I am working on a model which involves calculating the neighborhood density of each observation, and then using that neighborhood density (ND) as a predictor term.

The ND of *x_i* is calculated as follows:

- find the nearest neighbor of
*x_i*, it is at some distance*d* - count how many other observations are withing
*d***factor*, where*factor*is some real > 1

To calculate ND I use an NxM matrix, with N being the number of observations I’m modelling, and M the number of potential neighbors.

Now, so far I’ve been setting *factor* by trial and error, but I thought I’d give it a try building a model to estimate it.

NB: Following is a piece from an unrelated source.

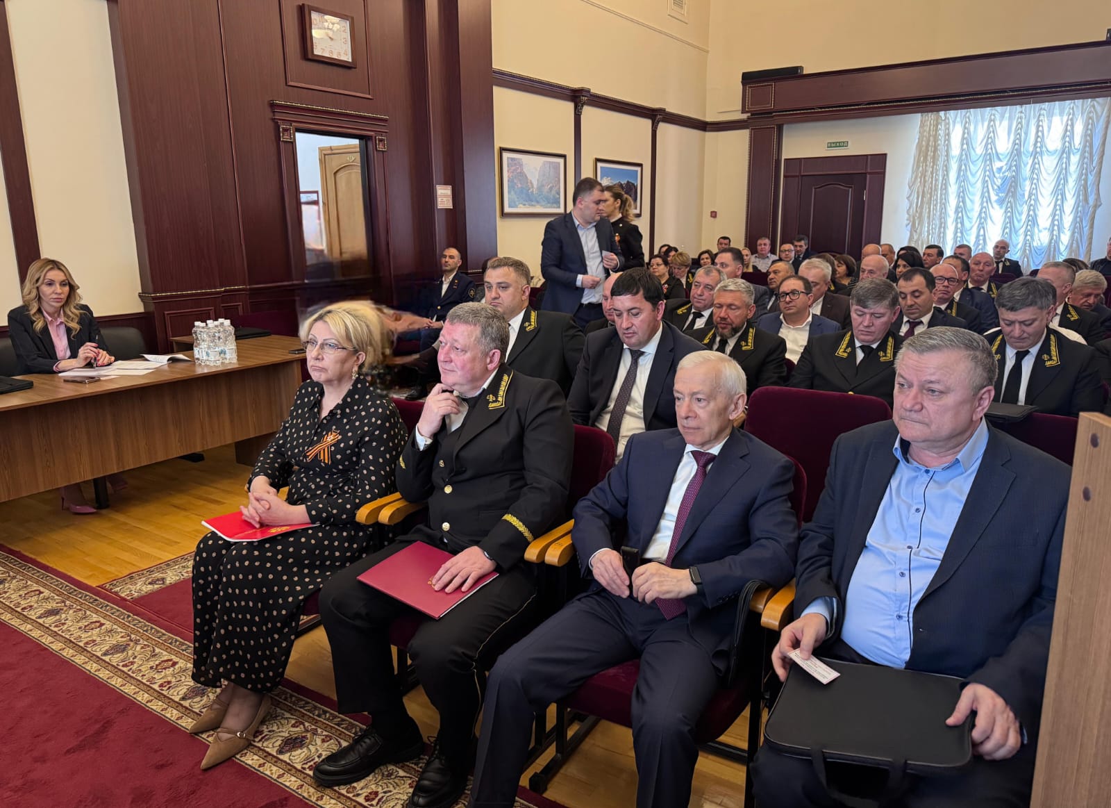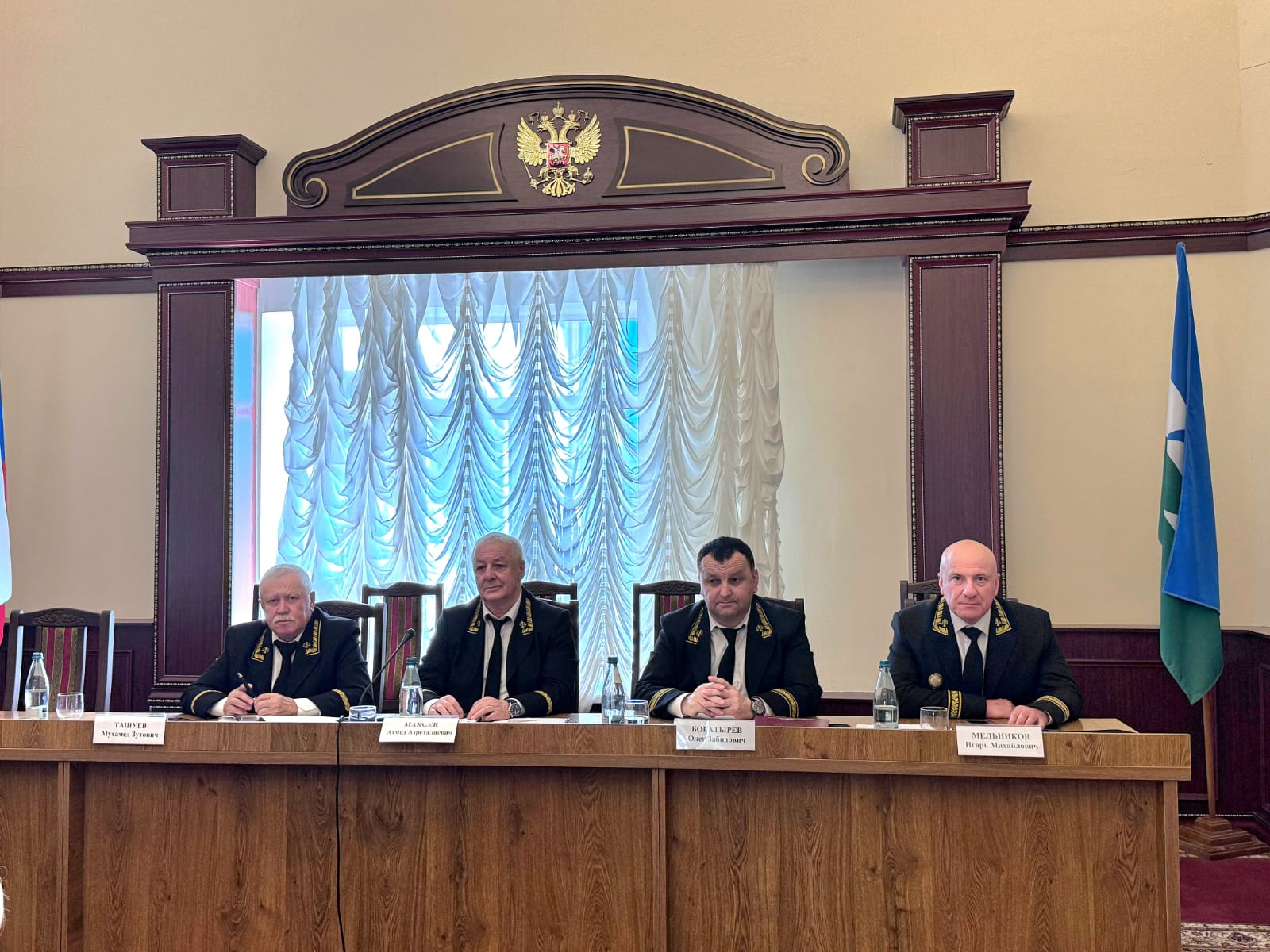 от Арбитражного суда КБР: 3. Кустова Светлана Владимировна 4. Маирова Альбина Юрьевна 5. Паштова Марианна Хасанбиевна 6. Хатухов Заурбек Аубекирович 7. Цыраева Фатимат Абдуллаевна от городского, районных судов КБР: 8. Тлостанов Аслан Юрьевич 9. Ахобеков Алим Амалиевич 10. Мафедзов Алик Мухамедович от Нальчикского гарнизонного военного суда: 11. Черкасов Андрей Николаевич от мировых судей КБР: 12. Будаева Зухра Абдуллаховна От имени Президиума и делегатов Конференции Макоев А.А. поздравил новый состав Квалификационной коллегии судей КБР, пожелал плодотворной работы, направленной на повышение авторитета судебной системы и формирование достойного, качественного судейского корпуса. В продолжение Конференции об итогах работы выступили: ⮚ С информацией о работе Совета судей Кабардино-Балкарской Республики в 2024 году - председатель Совета судей КБР Макоев А.А. ⮚ С информацией о работе Экзаменационной комиссии Кабардино-Балкарской Республики по приему квалификационного экзамена на должность судьи в 2024 году - председатель Экзаменационной комиссии Браева Э.Х. ⮚ С отчетом о деятельности Управления Судебного департамента в Кабардино-Балкарской Республике в 2024 году и задачах на 2025 год - врио начальника Управления Джаппуева Ф.Л. В своём выступлении Джаппуева Ф.Л. обозначила, что надлежащее финансовое обеспечение деятельности районных судов, органов судейского сообщества, финансирование мировых судей является одной из наиболее приоритетных задач Управления. Управлению в отчётном периоде было выделено на выборочный капитальный ремонт зданий (сооружений) судов – 13803,653 тыс. рублей. Данные средства освоены по объекту Нальчикского городского суда, по ул. Нахушева, 3 – 9236,425 тыс. рублей и Эльбрусского районного суда по ул. Энеева, 11 а – 4567,228 тыс. рублей. Обеспеченность судов КБР автомобильным транспортом в 2024 году составила 160%. Общее количество автомобилей райгорсудов КБР, Нальчикского гарнизонного военного суда составляет 24 единицы. В 2025 году Управлением планируется продолжить работу по приобретению новых и списанию устаревших автомобилей. Обеспеченность судов республики символами государственной власти и мантиями составляет 100%. Осуществлена работа по закупке мантий для вновь назначенных судей и замене устаревших, а также служебного обмундирования для судей, символов государственной власти. В связи с износом имеющегося оборудования произведена замена системы видеонаблюдения в здании Баксанского районного суда по ул. Шукова 17, на сумму 930,0 тыс. руб. и в здании Прохладненского районного суда, на сумму 1 607,0 тыс. руб. Особое внимание в 2024 году уделялось вопросам организации охраны зданий (помещений) райгорсудов КБР, НГВС. Охрана зданий и осуществление пропускного режима в рабочие дни в период времени с 09.00 ч. до 18.00 ч. (кроме выходных и праздничных) осуществлялась судебными приставами по ОУПДС УФССП России по КБР. В 15 зданиях райгорсудов КБР, НГВС охрана осуществлялась подразделениями ФГКУ «УВО ВНГ России по КБР» и филиала ФГУП «Охрана» Росгвардии по КБР. Управлением в 2024 году были полностью освоены денежные средства, выделенные на обеспечение безопасности судебной деятельности. В 2024 году проведены целевые проверки по изучению организации деятельности в 6 судах (Нальчикский городской суд, Майский, Прохладненский, Баксанский, Эльбрусски

The following is what I came up with:

```
functions{
real rank_of(real [] vec, real val) {
int Ns = size(vec);
real res = 0.0;
for (n in 1:Ns) {
if (vec[n] < val) {
res += 1;
} else {
break;
}
}
return res;
}
vector find_neighborhood(matrix NNS, real nn_limit) {
int Ns = rows(NNS);
int Ms = cols(NNS);
vector[Ns] nns;
for (n in 1:Ns) {
real row_n[Ms];
real min_val_fac;
row_n = to_array_1d(NNS[n]);
min_val_fac = row_n[1] * nn_limit;
nns[n] = rank_of(row_n, min_val_fac);
}
return(nns);
}
}
data {
int<lower=0> N;
int<lower=0> M; // matrix size
matrix[N, M] NNS; // matrix of neighbors, each row is sorted
int<lower=1> y[N]; // Outcomes
}
parameters {
real Intercept;
real beta_nn; // slope
real<lower=0,upper=1> nn_limit; // factor for the neighbors, should be within 1 and 2
}
transformed parameters {
real nn_limit2 = nn_limit+1;
}
model {
vector[N] nn_dense;
vector[N] nn_dense_s;
vector[N] mu;
nn_dense = find_neighborhood(NNS, nn_limit2);
nn_dense_s = (nn_dense-mean(nn_dense))/sd(nn_dense);
mu = rep_vector(Intercept, N) + beta_nn*nn_dense_s;
Intercept ~ normal(0, 5);
beta_nn ~ normal(0, 10);
nn_limit ~ beta(5,5);
y ~ poisson_log(mu);
}
generated quantities {
vector[N] nn_dense;
nn_dense = find_neighborhood(NNS, nn_limit);
}
```

N is 35 in my test case, and M some 3000.

The model samples well and does not throw any errors. However, by the nature of rank_of(), nn_dense ends up being round numbers, so I don’t know if this is an issue.

Since I haven’t seen models like this around, I’d be interesting in knowing whether someone has already come up with something more sophisticated/better for doing something similar.